= Exercise objective =
Pictures do not belong in the copy. Return all of the entries exactly.

══ Material for the task ══

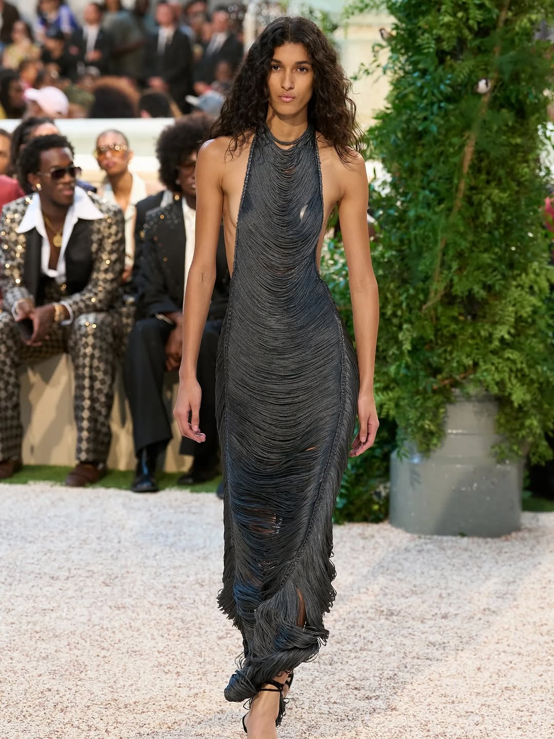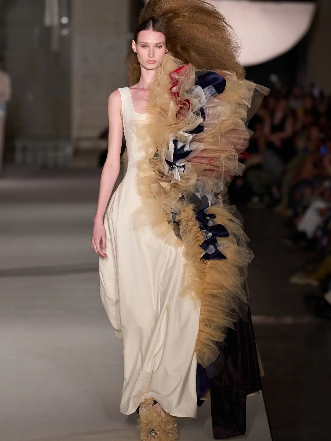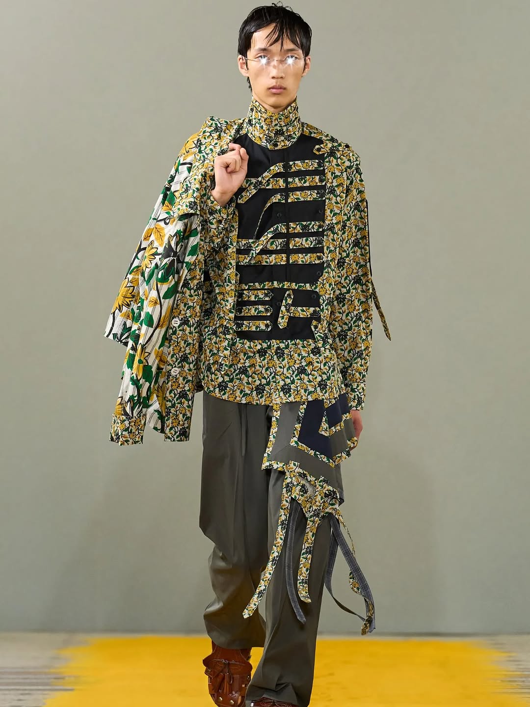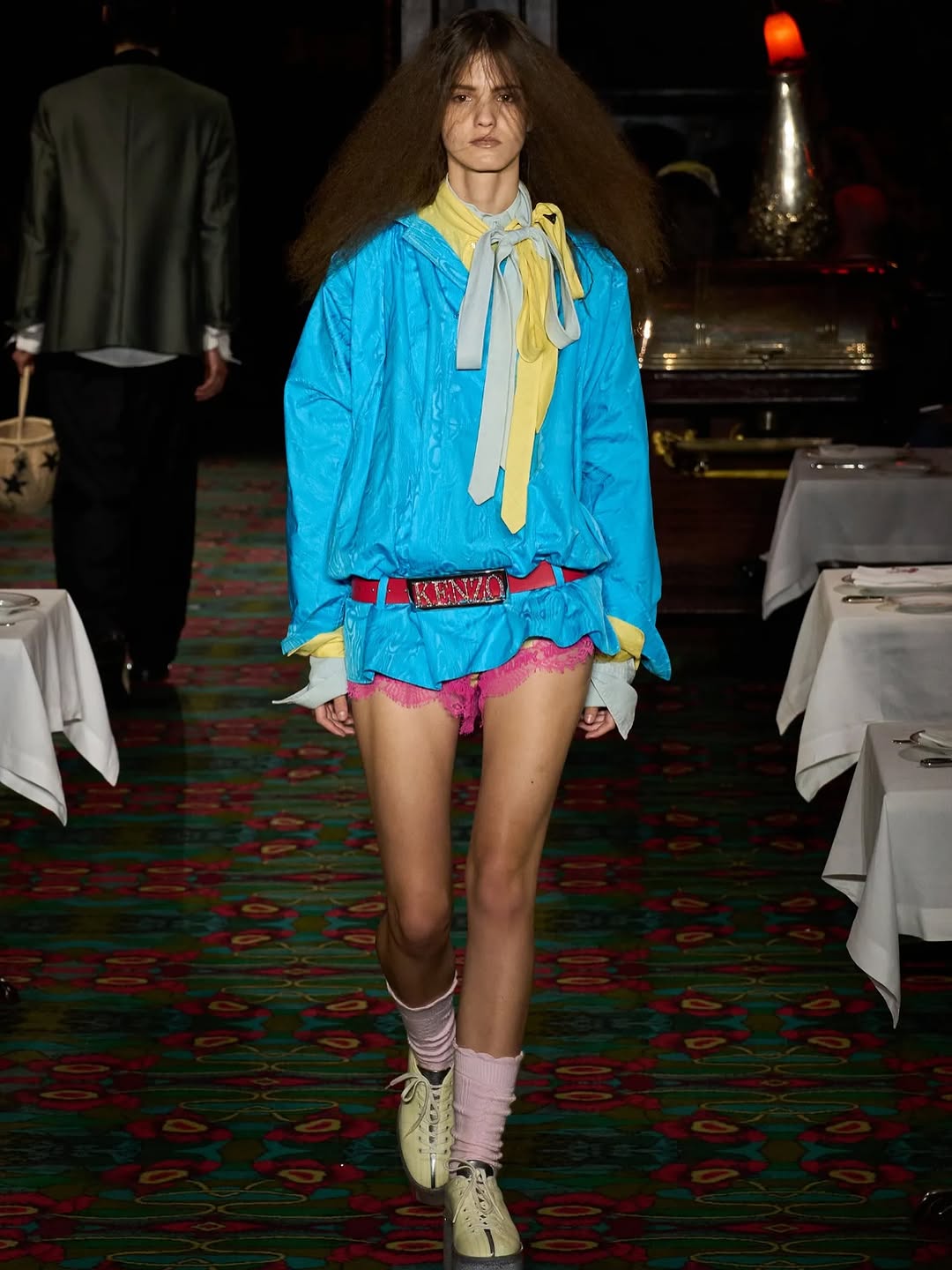 The image succeeds through controlled contrasts: color, texture, and posture. It is a strong runway visual because it documents both garment construction and stage attitude in one clean frame.
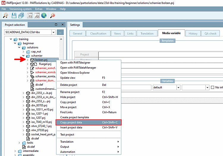 1. Selezionare il progetto che contiene i dati desiderati e richiamare il comando del menu contestuale Copia dei dati del progetto [Copy project data].
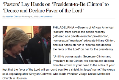 7. Heather Clark, “‘Pastors’ Lay Hands on ‘President-to-Be Clinton’ to ‘Decree and Declare Favor of the Lord,” 2/4/16, http://christiannews.net/2016/02/04/pastors-lay-hands-on-president-to-be-clinton-to-decree-and-declare-favor-of-the-lord/
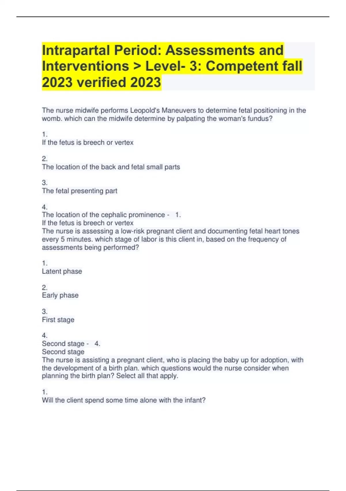 Intrapartal Period: Assessments and Interventions > Level- 3: Competent fall 2023 verified 2023 The nurse midwife performs Leopold's Maneuvers to determine fetal positioning in the womb. which can the midwife determine by palpating the woman's fundus? 1. If the fetus is breech or vertex 2. The location of the back and fetal small parts 3. The fetal presenting part 4. The location of the cephalic prominence - 1. If the fetus is breech or vertex The nurse is assessing a low-risk pregnant client and documenting fetal heart tones every 5 minutes. which stage of labor is this client in, based on the frequency of assessments being performed? 1. Latent phase 2. Early phase 3. First stage 4. Second stage - 4. Second stage The nurse is assisting a pregnant client, who is placing the baby up for adoption, with the development of a birth plan. which questions would the nurse consider when planning the birth plan? Select all that apply. 1. Will the client spend some time alone with the infant?
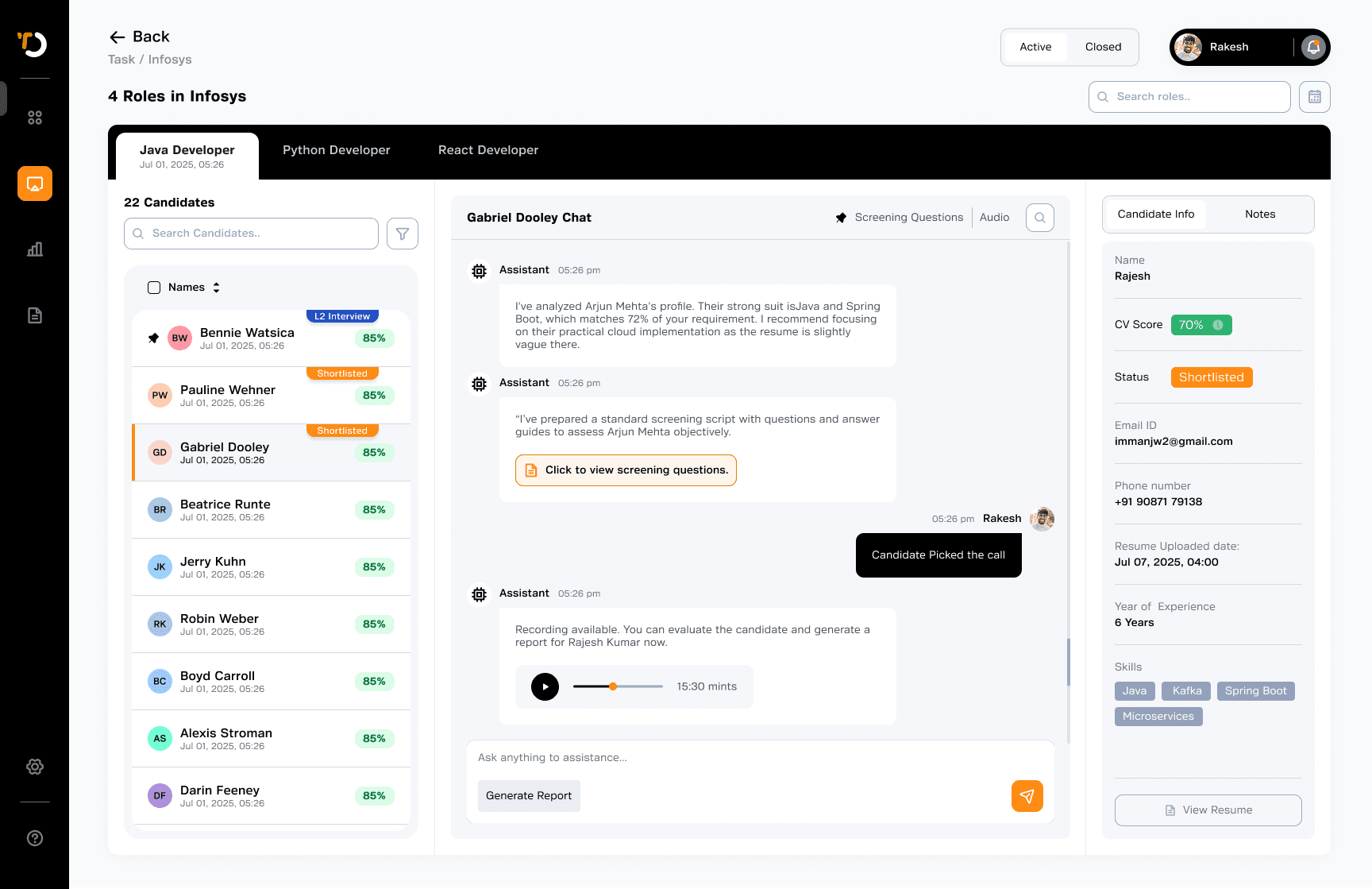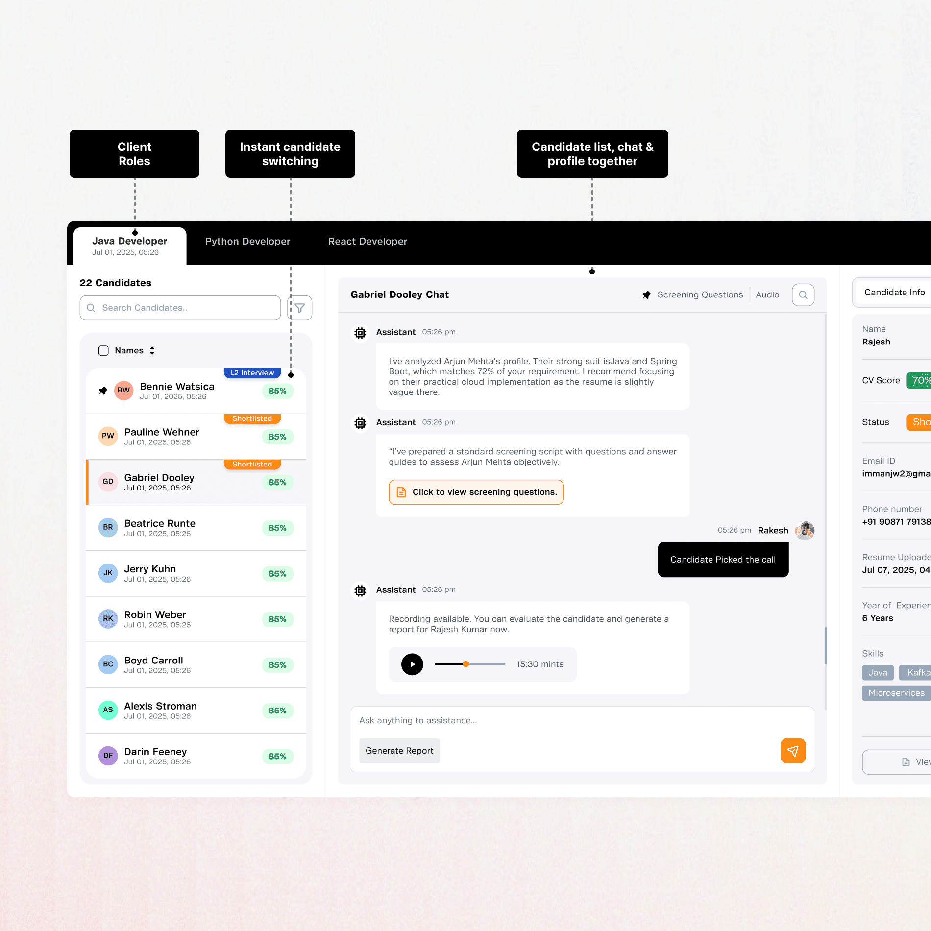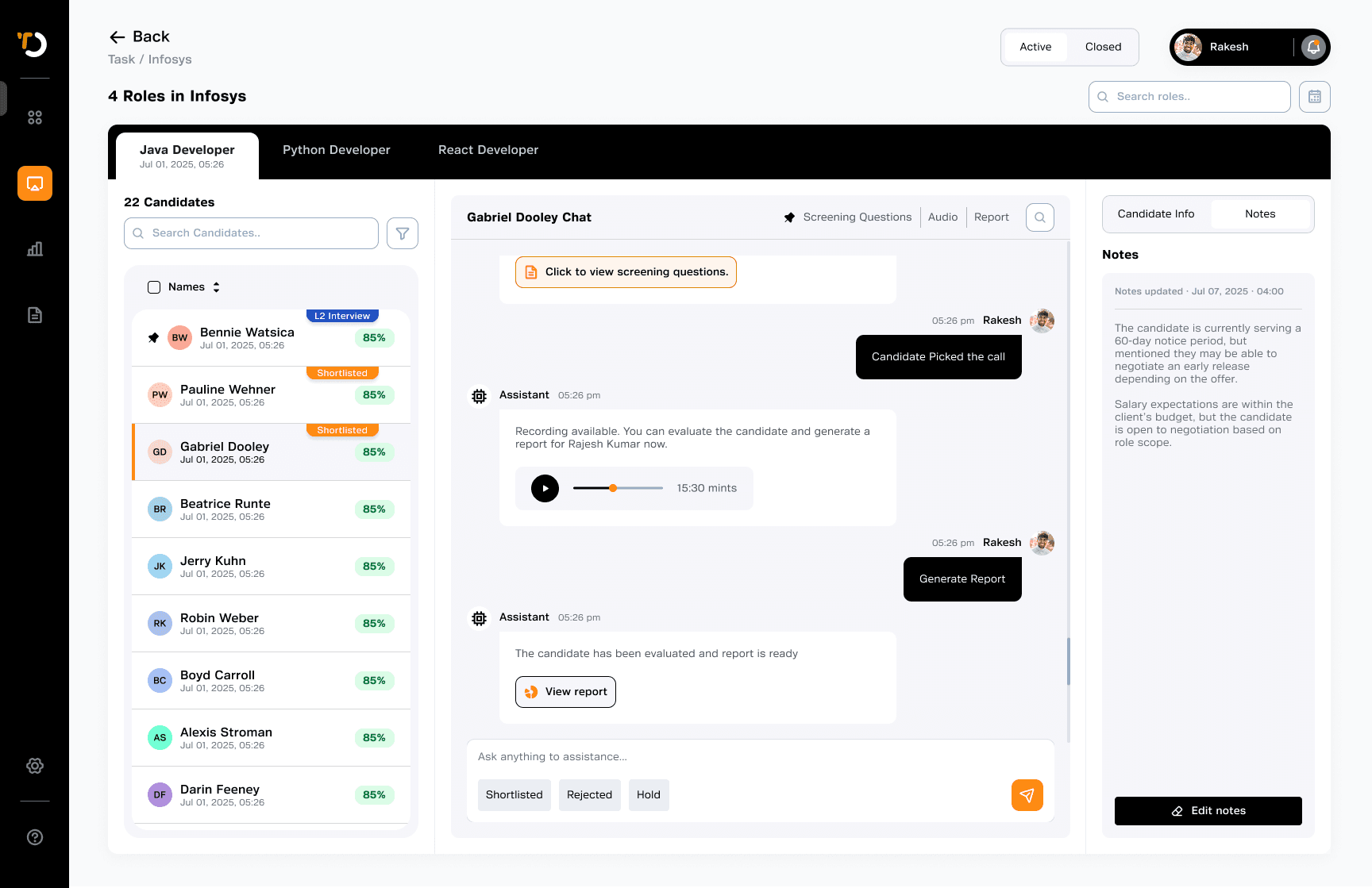 Specially the AI-generated reports gave them more confidence than their usual notes now they felt they can send to client with evidence and updating candidate status inside the flow felt more structured than their existing tools.
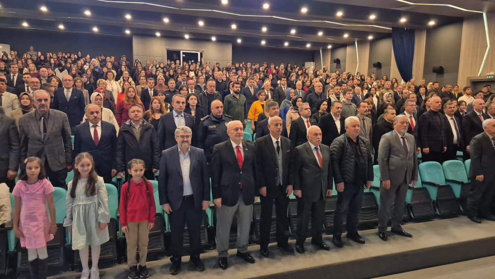 Düzce Gençlik ve Spor İl Müdürlüğü Konferans Salonu'nda düzenlenen kutlama törenine Düzce Valisi Selçuk Aslan, İl Milli Eğitim Müdürü Gülşen Özer, CHP Düzce Milletvekili Talih Özcan, protokol üyeleri, öğretmenler ve öğrenciler katıldı.
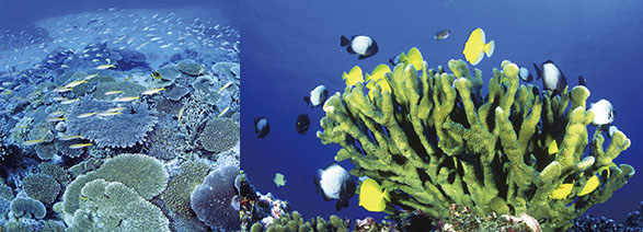 「サンゴ礁は漁場としての機能が重要で、多様な魚類がサンゴ海域に生息します」

═══

= Response below =
 The image succeeds through controlled contrasts: color, texture, and posture. It is a strong runway visual because it documents both garment construction and stage attitude in one clean frame.
 1. Selezionare il progetto che contiene i dati desiderati e richiamare il comando del menu contestuale Copia dei dati del progetto [Copy project data].
 7. Heather Clark, “‘Pastors’ Lay Hands on ‘President-to-Be Clinton’ to ‘Decree and Declare Favor of the Lord,” 2/4/16, http://christiannews.net/2016/02/04/pastors-lay-hands-on-president-to-be-clinton-to-decree-and-declare-favor-of-the-lord/
 Intrapartal Period: Assessments and Interventions > Level- 3: Competent fall 2023 verified 2023 The nurse midwife performs Leopold's Maneuvers to determine fetal positioning in the womb. which can the midwife determine by palpating the woman's fundus? 1. If the fetus is breech or vertex 2. The location of the back and fetal small parts 3. The fetal presenting part 4. The location of the cephalic prominence - 1. If the fetus is breech or vertex The nurse is assessing a low-risk pregnant client and documenting fetal heart tones every 5 minutes. which stage of labor is this client in, based on the frequency of assessments being performed? 1. Latent phase 2. Early phase 3. First stage 4. Second stage - 4. Second stage The nurse is assisting a pregnant client, who is placing the baby up for adoption, with the development of a birth plan. which questions would the nurse consider when planning the birth plan? Select all that apply. 1. Will the client spend some time alone with the infant?
 Specially the AI-generated reports gave them more confidence than their usual notes now they felt they can send to client with evidence and updating candidate status inside the flow felt more structured than their existing tools.
 Düzce Gençlik ve Spor İl Müdürlüğü Konferans Salonu'nda düzenlenen kutlama törenine Düzce Valisi Selçuk Aslan, İl Milli Eğitim Müdürü Gülşen Özer, CHP Düzce Milletvekili Talih Özcan, protokol üyeleri, öğretmenler ve öğrenciler katıldı.
 「サンゴ礁は漁場としての機能が重要で、多様な魚類がサンゴ海域に生息します」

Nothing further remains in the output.